Advancing Genomic Selection for key processing traits in potato.

Staff in Cell and Molecular Sciences at The James Hutton Institute have a distinguished track record of research in plant and crop science, including genetic and genomic analysis. They have contributed to international consortia conducting whole genome sequencing of important crop plants. This knowledge has enabled the identification of genes underlying key traits and provided the underpinning background knowledge to develop populations and molecular markers that have been deployed in commercial breeding programmes through James Hutton Limited (JHL).
New predictive genomic technologies such as genomic selection (GS) and genome wide association studies (GWAS) are now state-of-the-art in plant breeding. Plant genome sequences has allowed populations of plants densely covered with molecular markers to be analysed using computational methods with traits assigned breeding values so that lines can be selected at a very early stage. This allows fast tracking of fewer numbers of candidate lines for field phenotyping and typically decreases the number of field generations by half. Together with new ‘speed breeding’ techniques that accelerate the growth cycle from seed to seed, has led to a major step change in plant breeding.

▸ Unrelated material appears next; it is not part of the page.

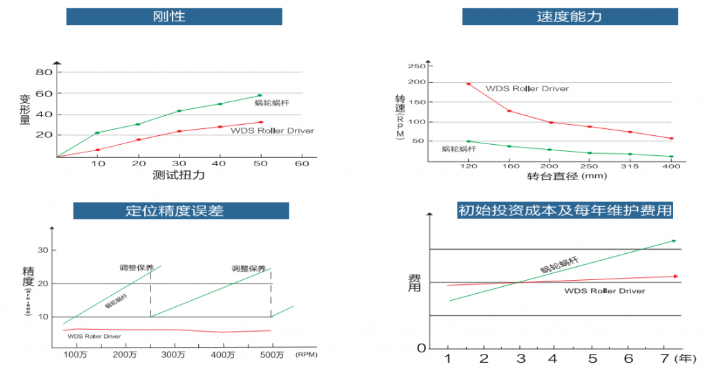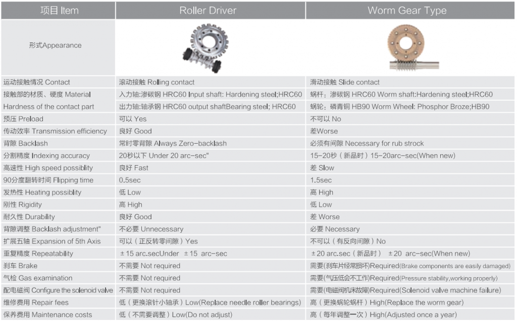 目前市場上的轉(zhuǎn)臺產(chǎn)品以蝸輪蝸桿結(jié)構(gòu)為主。渦輪材料為磷青銅,無法加預(yù)壓,剛性差,隨著使用磨損整個轉(zhuǎn)臺精度不斷下降,導(dǎo)致極高的后期維修成本,給機(jī)床用戶及代理商都帶來很多困擾和經(jīng)濟(jì)損失。要規(guī)避蝸輪蝸桿結(jié)構(gòu)的缺點(diǎn),蝸輪蝸桿的材料需要特殊處理(如日研、雷曼等高端品牌),但價格昂貴,一般客戶無力承擔(dān)。

The Mylnefield Trust recognise the needed to foster skills in contemporary plant breeding and enable a career path for future leaders in genetics and breeding. They will fund three trainee plant breeders to study for a PhD at The James Hutton Institute starting one per year over the next 3 years.
Potato breeding is at the cusp of major transformations largely driven by the application of modern genomics and genetics approaches to potato improvement, as well as the adoption of diploid breeding by many breeders. Genomic selection (GS) and genome-wide association studies (GWAS) offer a tangible route for mobilising and fixing desirable alleles in the breeding of new potato varieties. GS models incorporate trait-effects contributed from markers distributed across the genome into appropriate statistical models that can be used to predict trait values of genotyped individuals without the need to perform phenotyping. Development of a GS-based approach would radically enhance potato breeding by enabling early stage selection for complex traits, thereby facilitating faster identification of elite breeding parents with desirable traits. This would lead to rapid improvement in commercial varieties and reduced time in getting these to market enabling the UK Potato breeding industry to remain competitive and grow its market share.
This project will focus mainly on the processing traits, potato starch and dry matter content. These important but genetically complex traits are also a major determinant of tuber yield. The fundamental processes underlying starch assimilation, interconversion and mobilisation have been extensively studied at the genetic, biochemical, physiological and molecular levels. The project will entail use of existing GWAS data to develop GS models for use in potato breeding for processing and other traits, as well as performing further phenotyping on potato training panels and breeding populations. The planned work may entail methodological development of improved models and will require a high degree of numeracy and analytical capability.
Successful students will gain experience in modern molecular breeding and field phenotyping methods. They will also gain experience of the commercial world and network with stakeholders in industry to ensure they had the necessary attributes including KE skills for a successful career in genetics and breeding.